Indiana would have to reduce carbon dioxide emissions by 20 percent by the year 2030 using 2012 emissions numbers as the starting point. Kharbanda says a Wall Street Journal analysis determined Indiana’s requirements to be the weakest of all 50 states.

“And when the EPA did its own analysis of how different states would probably comply with the policy, they concluded that the main compliance mechanism that Indiana utilities would use would be energy efficiency investments,” says Kharbanda.

Indiana’s reliance on coal is a major reason why the Pence administration believes the Clean Power Plan is bad for Indiana. Coal firing produces 80 percent of Indiana’s electricity. Pence says the state has a 300-year supply of the fossil fuel. The coal industry in the state employs 28,000 people. But Kharbanda believes that is one of the reasons why the EPA determined energy efficiency to be the primary solution for the state to meet the new standard.

“It’s also because of the EPA’s analysis of what our total energy efficiency potential is in the state which continues to be significant because we have old building stock in our major metropolitan areas,” says Kharbanda. “So it’s really a combination of the fact that we’re very coal heavy and because we have a lot of buildings primed for getting energy efficiency upgrades.”
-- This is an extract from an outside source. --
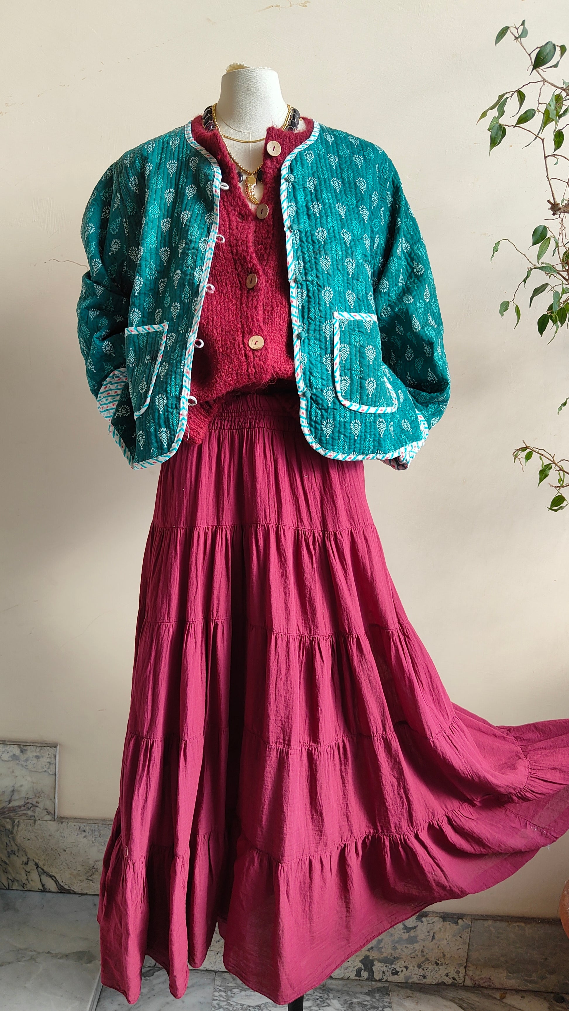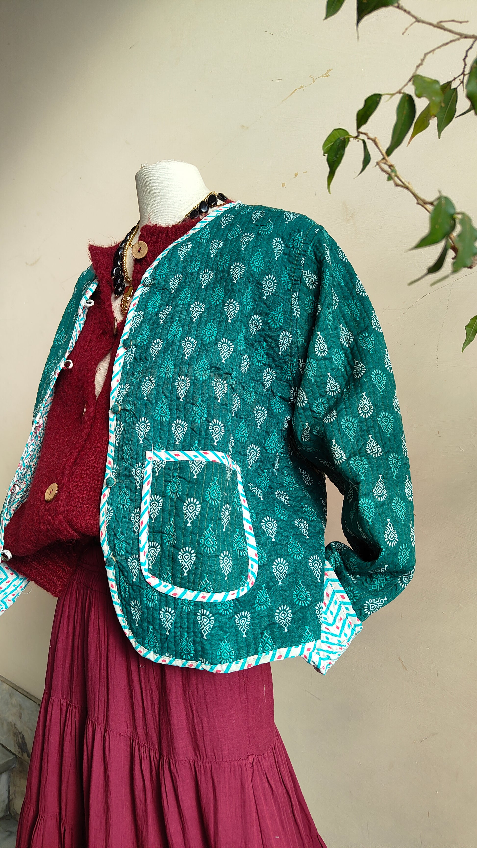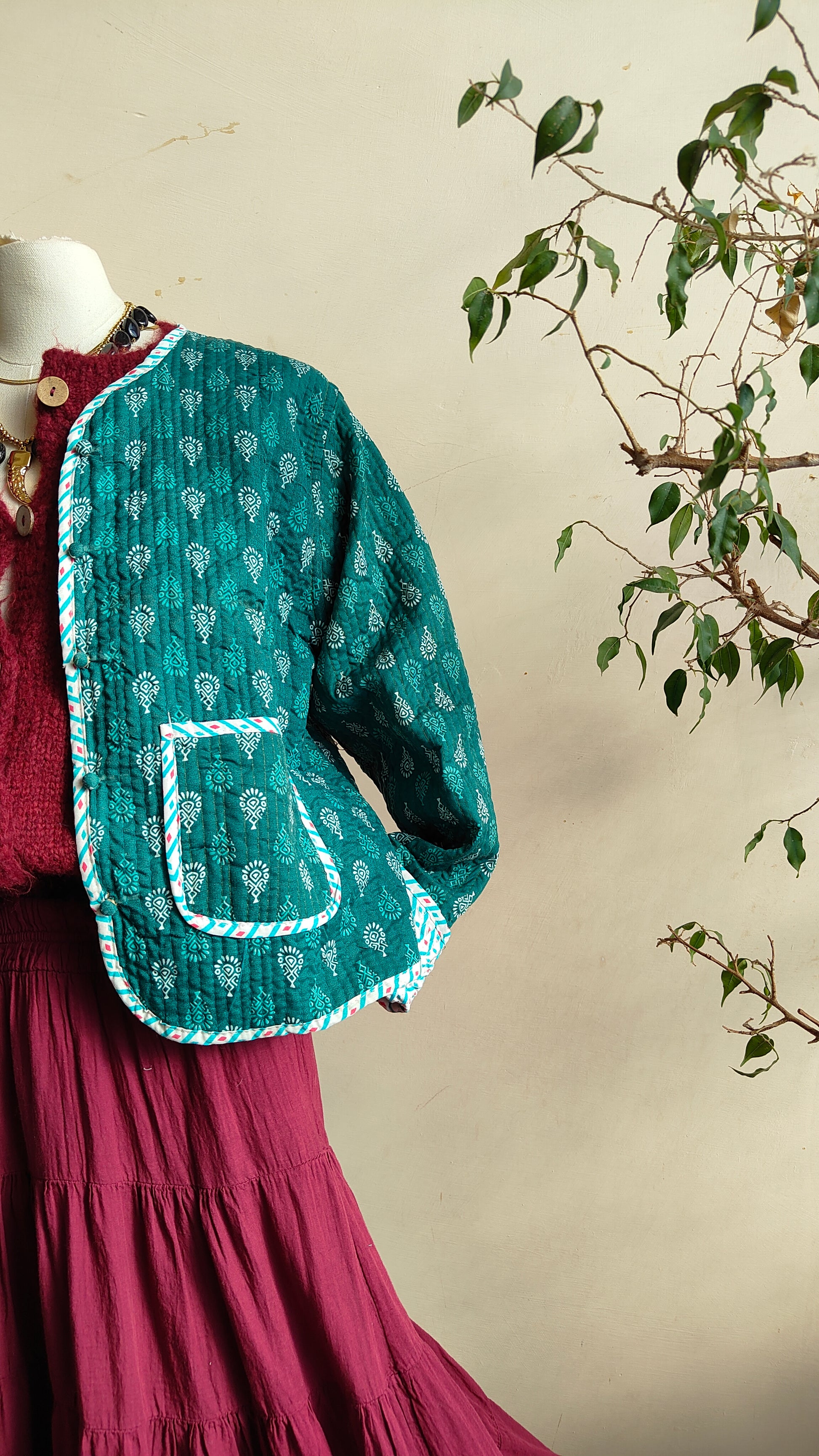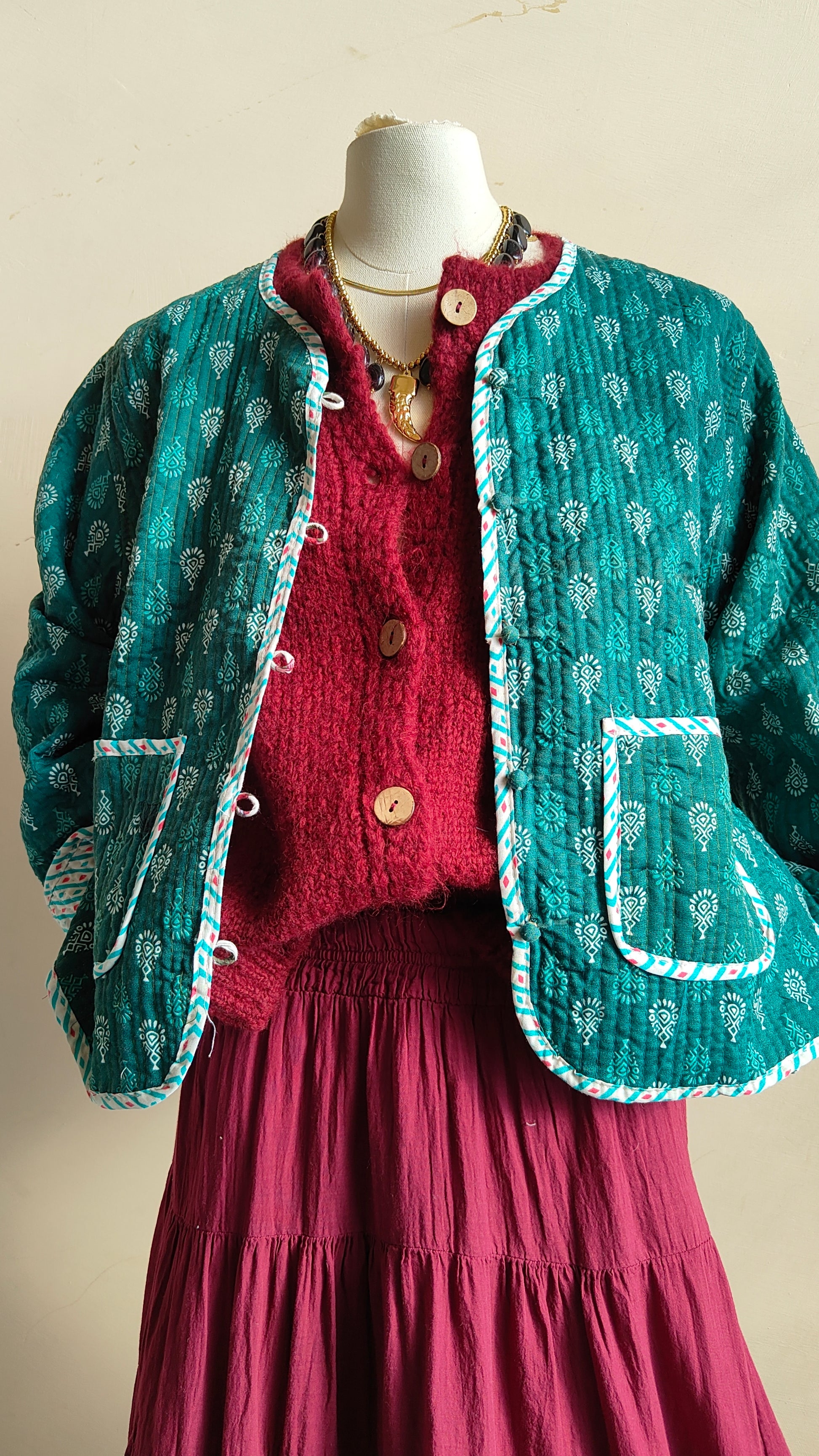 Trapuntata in cotone, morbida al tatto e con una vestibilità comoda, è ideale per completare look casual, ma anche per aggiungere personalità ad outfit più minimal.
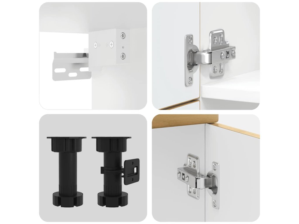- Nastavitelné nožičky: Spodní skříňky mají nastavitelné nožičky, jejichž výšku lze nastavit tak, aby vyhovovaly uspořádání vaší kuchyně.

To Easterly’s point in his testimony to the House subcommittee regarding potential brownouts and questionable infrastructure, Kharbanda says utility companies are more than prepared to comply.

“The utilities are making decisions in a very comprehensive and rigorous way by way of their integrated resource plans. And these are 20-year plans that they re-examine every two years,” says Kharbanda. “Those plans very much take into account existing as well as anticipated regulations and thinking about those things from the perspective of cost as well as from the perspective of reliability. So, to characterize this as putting these unexpected heavy burdens on the utility sector is not accurate. Utilities have long anticipated that they would be subject to some kind of greenhouse gas controls and they’ve accounted for that in their decision-making.”

The Pence administration believes the plan creates unconsidered consequences and implications, however Hoosiers are still waiting for the governor’s updated energy efficiency plan after he trashed the plan that was in place.

“If the administration was so sincere about cutting energy bills facing Hoosiers, which is completely understandable in our economic times, you don’t become the first governor in the country to eliminate a successful Republican-established energy efficiency program,” says Kharbanda.

In the letter to the president, the governors’ state that the country “needs a coherent, consistent energy policy that promotes reliable and affordable energy in addition to a healthy environment.” Kharbanda says the country has one with the Clean Power Plan.

“In the absence of Congressional action on climate change, we think that the EPA Clean Power Plan is a sensible realistic way of cutting greenhouse gas emissions from the country’s largest source of those emissions.”